Galluccio Michele, Brizio Carmen, Torchetti Enza Maria, Ferranti Pasquale, Gianazza Elisabetta, Indiveri Cesare, Barile Maria
Dipartimento di Biologia Cellulare, Università della Calabria, Via P. Bucci 4c, I-87036 Arcavacata di Rende, Italy.
Protein Expr Purif. 2007 Mar;52(1):175-81. doi: 10.1016/j.pep.2006.09.002. Epub 2006 Sep 12.
FAD synthetase (FADS) (EC 2.7.7.2) is a key enzyme in the metabolic pathway that converts riboflavin into the redox cofactor FAD. The human isoform 2 of FADS (hFADS2), which is the product of FLAD1 gene, was over-expressed in Escherichia coli as a T7-tagged protein and identified by MALDI-TOF MS analysis. Its molecular mass, calculated by SDS-PAGE, was approx. 55 kDa. The expressed protein accounted for more than 40% of the total protein extracted from the cell culture; 10% of it was recovered in a soluble and nearly pure form by Triton X-100 treatment of the insoluble cell fraction. hFADS2 possesses FADS activity and has a strict requirement for MgCl2, as demonstrated in a spectrophotometric assay. The purified recombinant isoform 2 showed a kcat of 3.6 x 10(-3)s(-1) and exhibited a KM value for FMN of about 0.4 microM. The expression of the hFADS2 isoform opens new perspectives in the structural studies of this enzyme and in the design of antibiotics based on the functional differences between the bacterial and the human enzymes.

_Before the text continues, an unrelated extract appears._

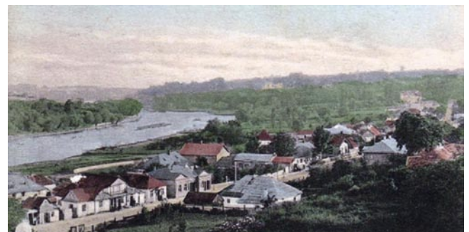
Рис. 1. Фото начала XX века. Вид на Садки и Южный Буг с высоты птичьего полета.

Из под его пера в это время выходят «Начала общей военно-полевой хирургии, взятые из наблюдений военнопоспитальной практики и воспоминаний и Крымской войне и Кавказской экспедиции» (Дрезден, 1865–1866), «Университетский вопрос» (1863), Из Гейдельберга (1863), По поводу занятий русских ученых за границей (1863,
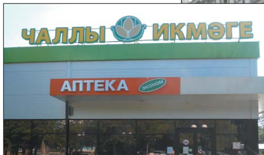
Рис. 12. Вывеска на продуктовом магазине, г.Н.Челны

黄素腺嘌呤二核苷酸合成酶(FADS)(EC 2.7.7.2)是将核黄素转化为氧化还原辅因子黄素腺嘌呤二核苷酸(FAD)的代谢途径中的关键酶。人FADS同工型2(hFADS2)是FLAD1基因的产物,作为T7标签蛋白在大肠杆菌中过表达,并通过基质辅助激光解吸电离飞行时间质谱(MALDI-TOF MS)分析进行鉴定。通过十二烷基硫酸钠聚丙烯酰胺凝胶电泳(SDS-PAGE)计算,其分子量约为55 kDa。表达的蛋白占从细胞培养物中提取的总蛋白的40%以上;通过用Triton X-100处理不溶性细胞部分,以可溶且近乎纯的形式回收了其中的10%。如分光光度法测定所示,hFADS2具有FADS活性,并且对氯化镁有严格要求。纯化的重组同工型2的催化常数(kcat)为3.6×10⁻³ s⁻¹,对黄素单核苷酸(FMN)的米氏常数(KM)约为0.4 μM。hFADS2同工型的表达为该酶的结构研究以及基于细菌和人类酶功能差异的抗生素设计开辟了新的前景。